• **Work to be completed**
Repeat the data in full and exactly. Leave the pictures out.

Records from a data source
———

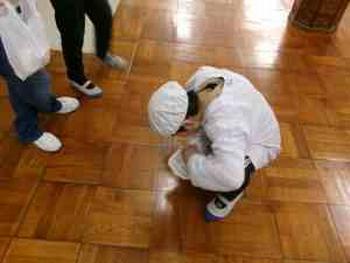 近づいてみると、給食配膳の際にこぼれてしまった汚れを、黙々と拭き取っているところでした。
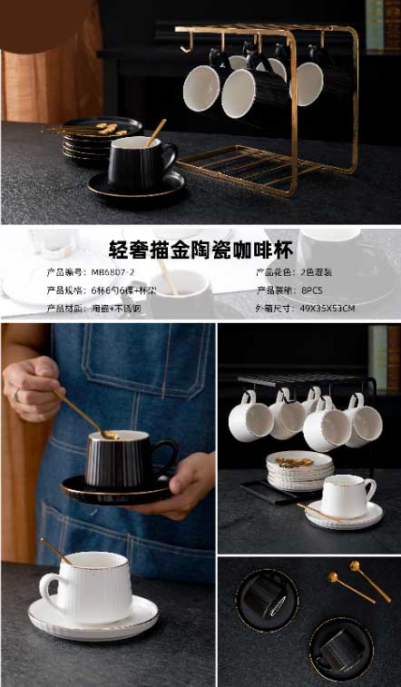 复古轻奢描金陶瓷咖啡杯马克杯陶瓷杯子咖啡杯家用情侣水杯茶杯
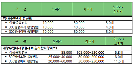 대장수면내시경검사료(환자관리행위료)의 경우 최저 2만원에서 최고 32만원으로 최저-최고비용 격차가 16배로 벌어졌다.
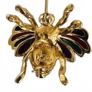 This colorful little brooch is one of Joan Rivers Bee brooches. It has transparent colors in red, blue, green and purple as well as tiny rhinestones in these colors all in a quality gold-tone setting. It measures approximately 7/8” long by 1 1/8” wide.
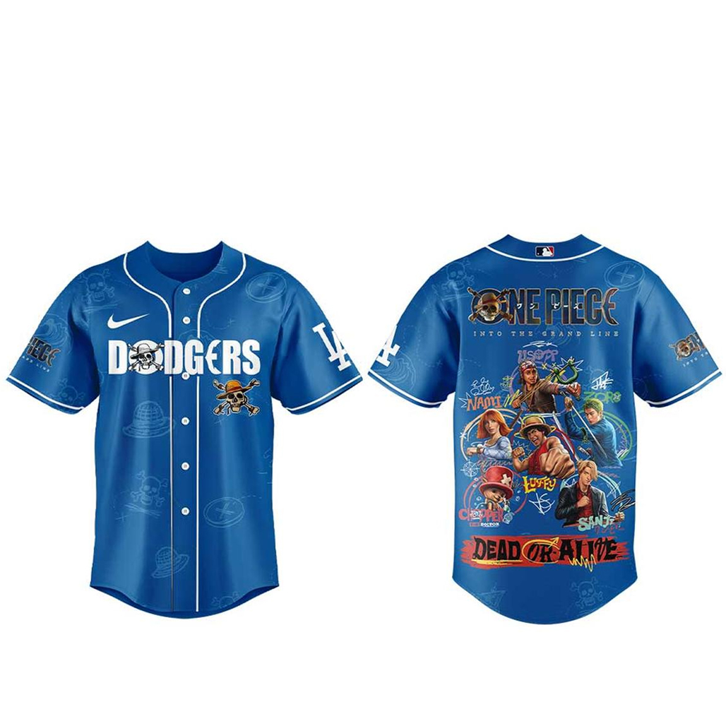 Set sail with bold style in the Los Angeles Dodgers One Piece 2026 Dead Or Alive Baseball Jersey. This striking design blends Dodgers pride with the adventurous world of One Piece, featuring a “Dead or Alive” theme that brings iconic bounty poster energy to life.
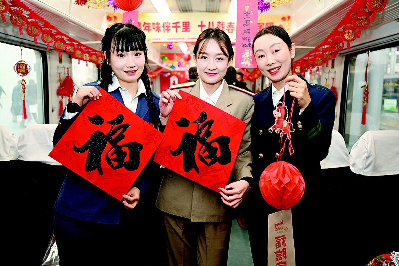 晨报讯(李杰 祝宸豫 半岛晨报、39度视频记者齐芳芳) 2月10日,农历小年,13时05分,大连至佳木斯K4833次列车缓缓启动。窗外寒风凛冽,车窗内却暖意融融,这趟由大连客运段担当乘务的春运临客,被旅客亲切地称为“回家专列”,至今已连续开行18年。“糖瓜、瓜子摆满了餐桌,列车工作人员通过唱歌、猜灯谜、送福字等互动形式让我们感受到年离我们近了,家也更近了。”乘客宋女士笑着说道,言语间满是归乡的喜悦。小年当天,大连客运段在列车上精心举办“一路年味伴千里 十八载春秋护团圆”主题活动。歌舞、灯谜、送福、互动游戏……车厢化作流动的“年味空间”,让漫长的归途变成了一场温馨的聚会。
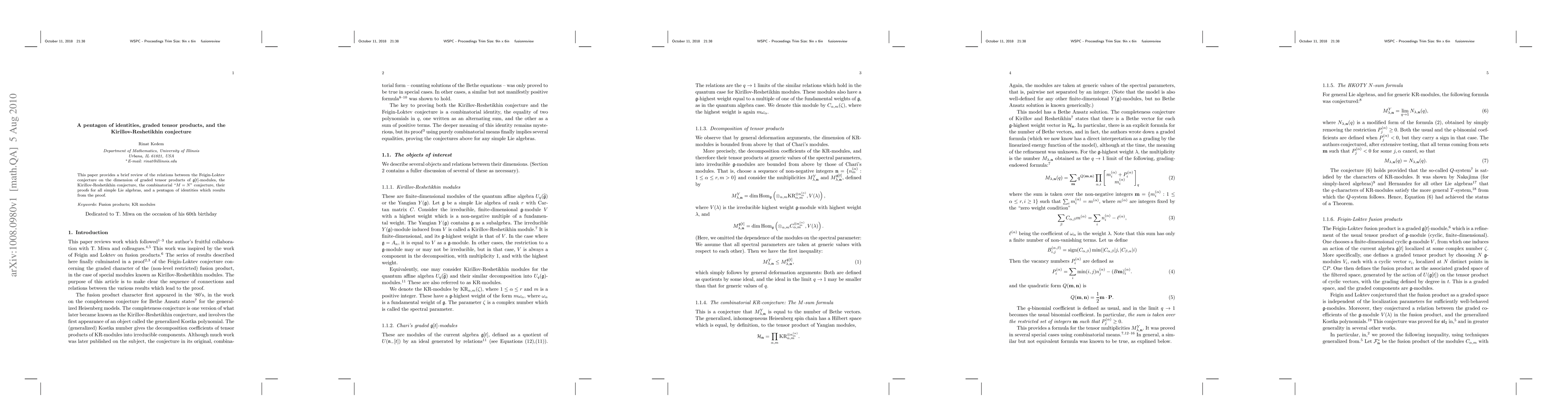 This paper provides a brief review of the relations between the Feigin-Loktev conjecture on the dimension of graded tensor products of $\g[t]$-modules, the Kirillov-Reshetikhin conjecture, the combinatorial ``M=N" conjecture, their proofs for all simple Lie algebras, and a pentagon of identities which results from the proof.

———

• **Reply**
 近づいてみると、給食配膳の際にこぼれてしまった汚れを、黙々と拭き取っているところでした。
 复古轻奢描金陶瓷咖啡杯马克杯陶瓷杯子咖啡杯家用情侣水杯茶杯
 대장수면내시경검사료(환자관리행위료)의 경우 최저 2만원에서 최고 32만원으로 최저-최고비용 격차가 16배로 벌어졌다.
 This colorful little brooch is one of Joan Rivers Bee brooches. It has transparent colors in red, blue, green and purple as well as tiny rhinestones in these colors all in a quality gold-tone setting. It measures approximately 7/8” long by 1 1/8” wide.
 Set sail with bold style in the Los Angeles Dodgers One Piece 2026 Dead Or Alive Baseball Jersey. This striking design blends Dodgers pride with the adventurous world of One Piece, featuring a “Dead or Alive” theme that brings iconic bounty poster energy to life.
 晨报讯(李杰 祝宸豫 半岛晨报、39度视频记者齐芳芳) 2月10日,农历小年,13时05分,大连至佳木斯K4833次列车缓缓启动。窗外寒风凛冽,车窗内却暖意融融,这趟由大连客运段担当乘务的春运临客,被旅客亲切地称为“回家专列”,至今已连续开行18年。“糖瓜、瓜子摆满了餐桌,列车工作人员通过唱歌、猜灯谜、送福字等互动形式让我们感受到年离我们近了,家也更近了。”乘客宋女士笑着说道,言语间满是归乡的喜悦。小年当天,大连客运段在列车上精心举办“一路年味伴千里 十八载春秋护团圆”主题活动。歌舞、灯谜、送福、互动游戏……车厢化作流动的“年味空间”,让漫长的归途变成了一场温馨的聚会。
 This paper provides a brief review of the relations between the Feigin-Loktev conjecture on the dimension of graded tensor products of $\g[t]$-modules, the Kirillov-Reshetikhin conjecture, the combinatorial ``M=N" conjecture, their proofs for all simple Lie algebras, and a pentagon of identities which results from the proof.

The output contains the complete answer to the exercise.